The World Economic Forum recently interviewed 130 Chief People Officers and found that advancing workforce AI is a top priority. The focus is not solely on implementing technology, but on upskilling, reskilling, and integrating AI in a way that supports both people and performance. Doing so requires a human-centered approach to AI deployment.
But what does human-centered really mean?
First, not all workers are thinking about AI in the same way. Millennials are out front, integrating advanced AI tools into their everyday work more than any other group. They see AI as a natural extension of how they operate and are normalizing its role in the workplace. Gen Z, despite being the first generation raised entirely in a digital world, is approaching AI more cautiously. They’re quick to experiment with new technology, but they’re also the most likely to voice concerns with 70% reporting ethical reservations about AI, a higher share than any other generation. Meanwhile, Gen X and Boomers are moving more slowly. Both groups want hard evidence that a tool works before they’ll embrace it, and Boomers in particular remain wary of technology’s impact on human connection. For them, AI and other digital tools can feel like a threat to the relationship-driven ways they built their careers. These generational differences underscore the need for thoughtful, targeted strategies (Lattice, 2026 State of People Strategy Report).

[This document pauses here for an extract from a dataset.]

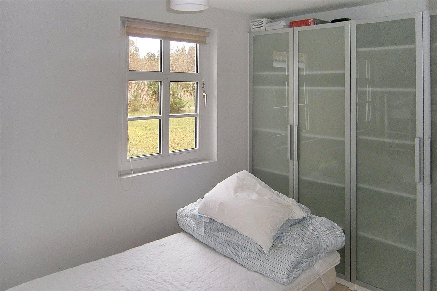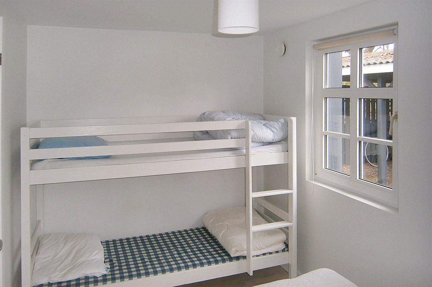 Der er i alt 2 soveværelser. Sovepladserne fordeler sig på: 2 sovepladser i dobbeltseng. 1 soveplads i enkeltseng. 2 sovepladser i køjeseng. Derudover er der 1 stk. barneseng.

A recent article in The Atlantic also pointed out a key tension: AI struggles to collaborate and automate simultaneously. Yet organizations often demand both. As we think about integration, we need to start by getting clear on a few fundamentals:
• What are we designing or leveraging AI to do?

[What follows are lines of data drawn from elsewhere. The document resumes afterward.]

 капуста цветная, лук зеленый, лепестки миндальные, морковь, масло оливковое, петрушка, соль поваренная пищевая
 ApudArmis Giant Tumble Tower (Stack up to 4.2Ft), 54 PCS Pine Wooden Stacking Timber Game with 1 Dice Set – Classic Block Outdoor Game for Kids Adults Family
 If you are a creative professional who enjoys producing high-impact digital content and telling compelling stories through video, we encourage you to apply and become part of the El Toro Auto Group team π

• How, where, when, and why will it add value?
• What are the benefits/risks of removing humans from the loop? What are the benefits/risks of keeping humans in the loop?
• And how do we prepare our people to engage with AI effectively?

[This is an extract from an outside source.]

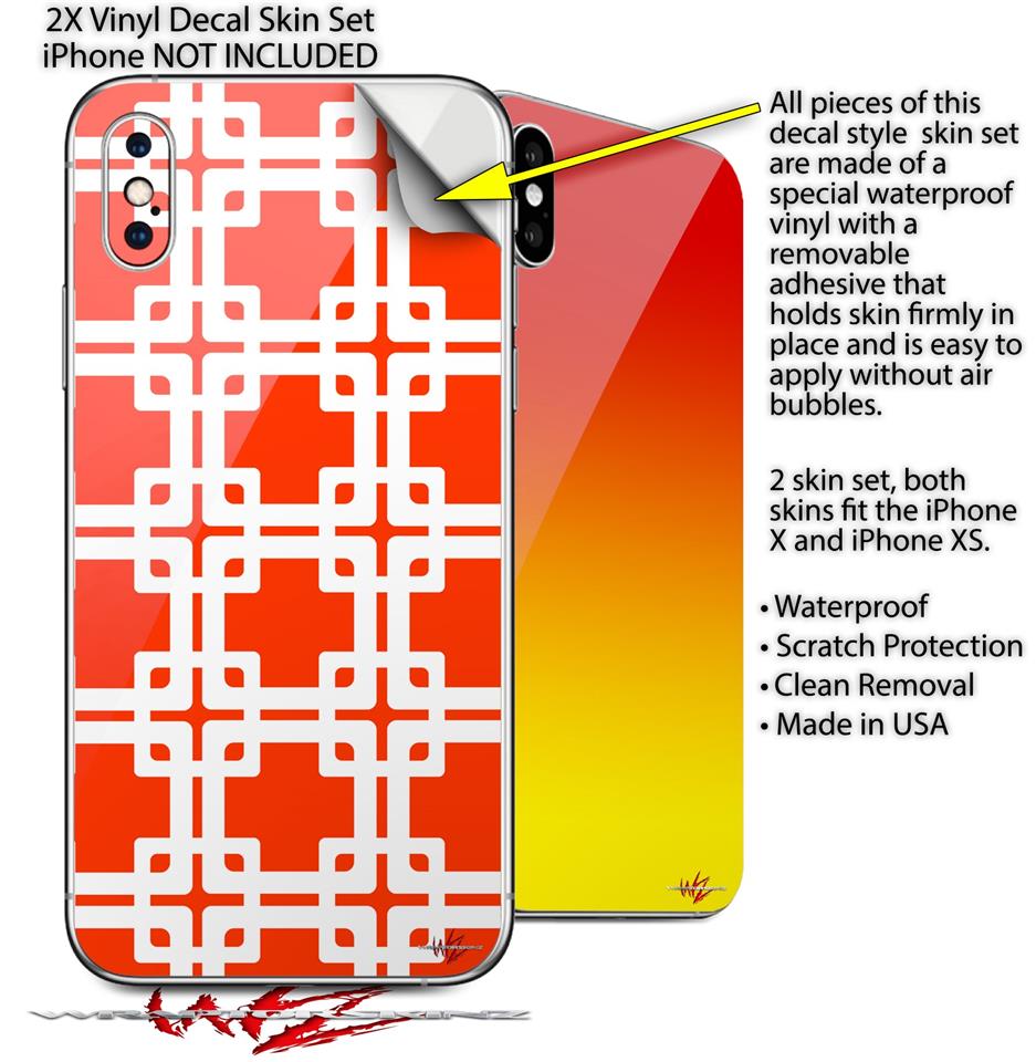 2 Decal style Skin Wraps set compatible with Apple iPhone X and XS Boxed Red

The same thinking applies to training. Most employees don’t have 10 extra hours to watch explainer videos and even if they did, information alone doesn’t drive behavior change. Bite-sized, experiential learning tied to real work is often more effective. The goal is to fit the training to the people, not force people to fit the training. We know that training can’t be a one-and-done event. In my work at Deutser, I’ve seen the power of operationalizing AI integration in a much more systematic way. For example, we’ve designed a multi-pronged approach in our work with professional sports teams. We start with cross-functional teams and frame targeted sessions with simple questions like: What can AI do for us? From there, we use surveys, focus groups, 1:1 interviews, and ongoing working sessions and workshops (ranging from 90-minutes to several hours) to uncover friction points and opportunities for AI to drive meaningful improvements. We engage these teams to build the strategy for the organization from the bottom-up with leader buy-in and support from the top-down. It’s not just about managing fear. We design these to build excitement and expan agency across the enterprise. We engage folks through play, experimentation, ideation, and by simply talking through fears. People want to feel part of the process and the people closest to the work should be involved in figuring out how AI can serve as a partner, collaborator, teacher, mentor, intern, etc. in their day-to-day. They can help define the role and the interaction. Without their engagement, the likelihood of long-term success drops significantly.
Human-centered design means acknowledging a non-dual reality, that change is hard and that’s okay. In his book, Master of Change, Brad Stulberg makes a compelling comparison between homeostasis and allostasis. While homeostasis is about returning to the familiar (X → Y → X), allostasis embraces change (X → Y → Z). We’re not going back to “how things were.” We’re creating something new and that can feel both disruptive and empowering. In that sense, allostasis is about building capacity and empowering our people to respond with greater allowance for adaptability, to find re-order, to move through change with resilience and a stability despite knowing a different future awaits.
To be truly human-centered, we need to listen deeply. Understand people’s concerns, goals, and motivations. Then, design and test solutions like scientists and entrepreneurs iterating frequently with a systems-thinking mindset.
There is much more to consider when it comes to human-centered deployment but I hope this offers you a good starting place. What’s on your mind as you navigate AI integration? How are you thinking about people, performance, tools, and designing systems for the future?